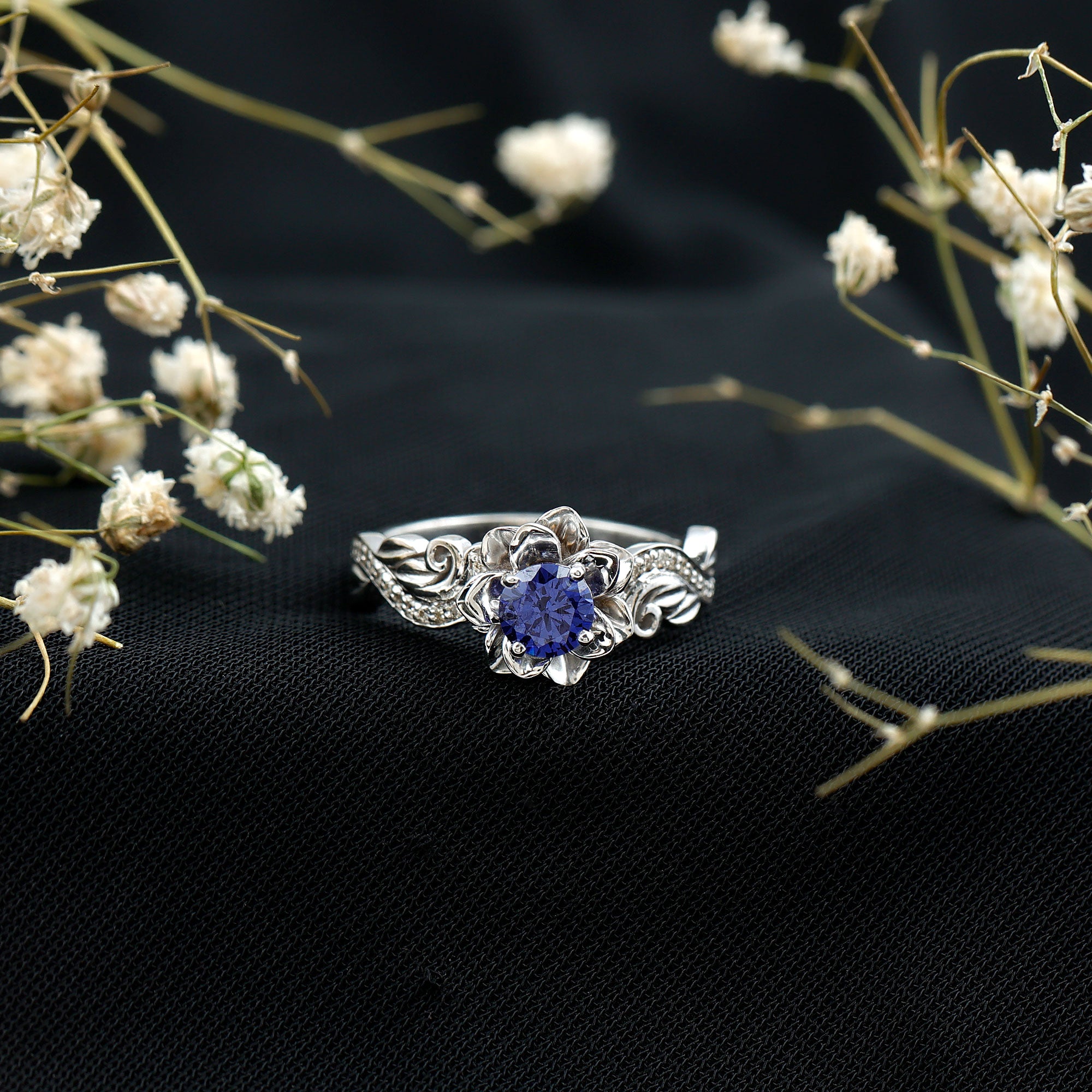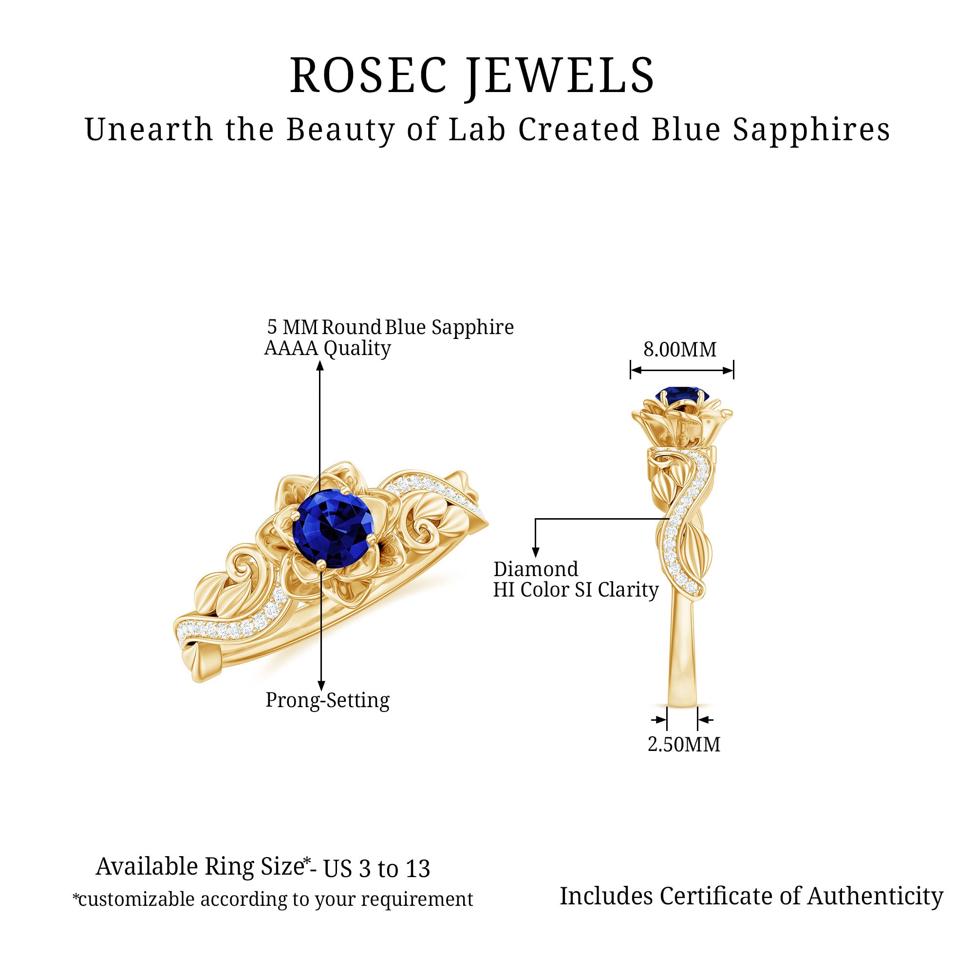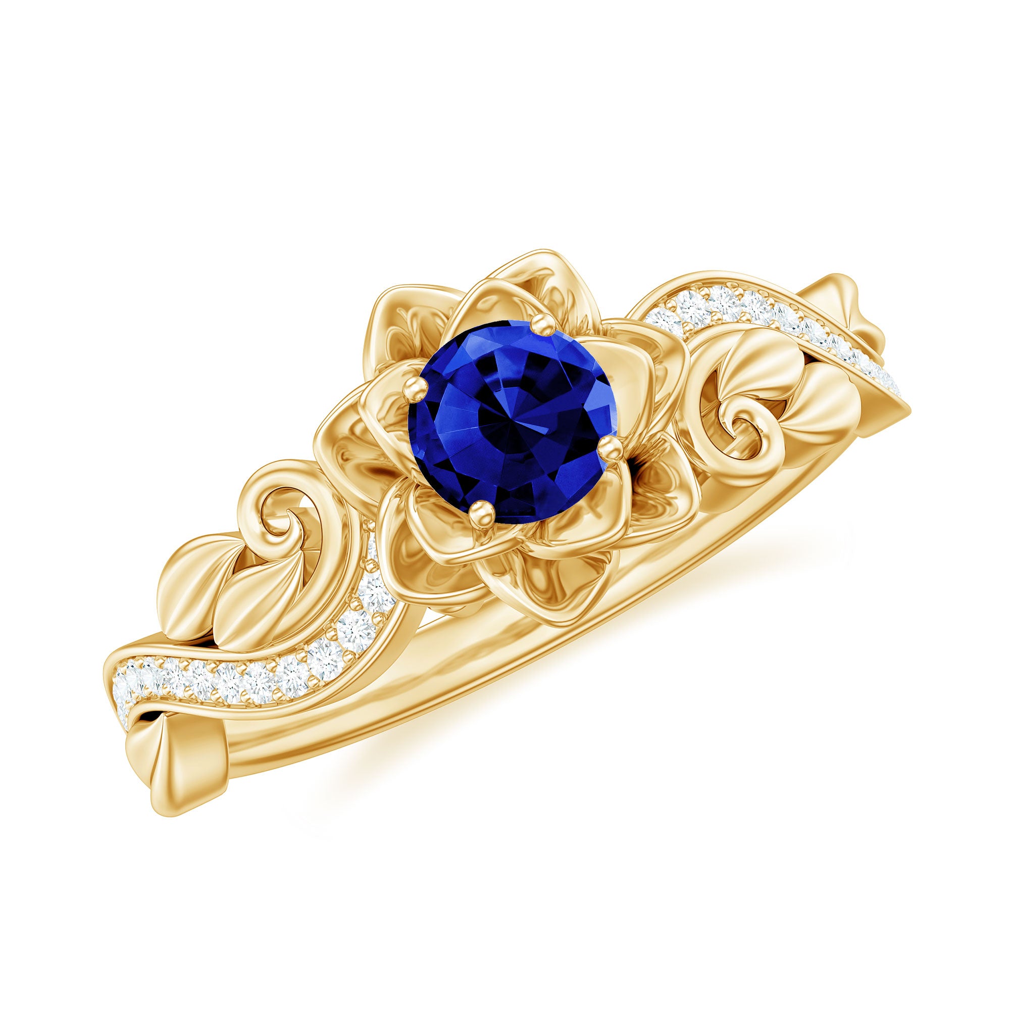 The bloom of true love shines beautifully in this enchanting Flower Engagement Ring, a design inspired by the most delicate and meaningful forms of nature. At the center of the floral motif sits a radiant 5 mm Round Shape Lab Created Blue Sapphire set in Prong Setting, glowing with a rich and captivating blue that symbolizes loyalty, wisdom and lasting devotion. Surrounding the center stone, the flower-inspired design creates a graceful and romantic look that captures the beauty of a blossom in full bloom. The band continues the nature inspired story with elegant leaf details, gently adorned with sparkling Diamond stones that add a soft shimmer from every angle. Each curve of this Lab Grown Blue Sapphire Engagement Ring is thoughtfully crafted to reflect growth, harmony and the journey of two hearts coming together. Its delicate yet eye-catching design makes it perfect for someone who loves jewelry with meaning, charm and a touch of natural beauty. Whether chosen for a heartfelt proposal or to celebrate a special chapter in your love story, this Lab Blue Sapphire Diamond Ring carries a timeless sense of romance. Presented in a signature jewelry box and available in a variety of ring sizes for the perfect fit, this beautiful Nature Inspired Engagement Ring is a sparkling symbol of a love that continues to grow and blossom forever.
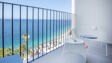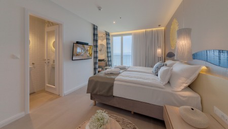 Junior suite: oko 31-35 m², dodatno s prostorom za sjedenje s kaučem na razvlačenje (150x190 cm) za još jednu osobu i namještenim balkonom s pogledom na park, mogućnost rezervacije s pogledom na more.
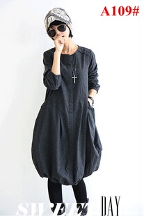 ELEON 2013秋装新款韩版 文艺范棉麻杭秀连衣裙 外套 A109#

------------

The response must repeat all the lines above exactly and include no pictures.

SOLUTION:
 The bloom of true love shines beautifully in this enchanting Flower Engagement Ring, a design inspired by the most delicate and meaningful forms of nature. At the center of the floral motif sits a radiant 5 mm Round Shape Lab Created Blue Sapphire set in Prong Setting, glowing with a rich and captivating blue that symbolizes loyalty, wisdom and lasting devotion. Surrounding the center stone, the flower-inspired design creates a graceful and romantic look that captures the beauty of a blossom in full bloom. The band continues the nature inspired story with elegant leaf details, gently adorned with sparkling Diamond stones that add a soft shimmer from every angle. Each curve of this Lab Grown Blue Sapphire Engagement Ring is thoughtfully crafted to reflect growth, harmony and the journey of two hearts coming together. Its delicate yet eye-catching design makes it perfect for someone who loves jewelry with meaning, charm and a touch of natural beauty. Whether chosen for a heartfelt proposal or to celebrate a special chapter in your love story, this Lab Blue Sapphire Diamond Ring carries a timeless sense of romance. Presented in a signature jewelry box and available in a variety of ring sizes for the perfect fit, this beautiful Nature Inspired Engagement Ring is a sparkling symbol of a love that continues to grow and blossom forever.
 Junior suite: oko 31-35 m², dodatno s prostorom za sjedenje s kaučem na razvlačenje (150x190 cm) za još jednu osobu i namještenim balkonom s pogledom na park, mogućnost rezervacije s pogledom na more.
 ELEON 2013秋装新款韩版 文艺范棉麻杭秀连衣裙 外套 A109#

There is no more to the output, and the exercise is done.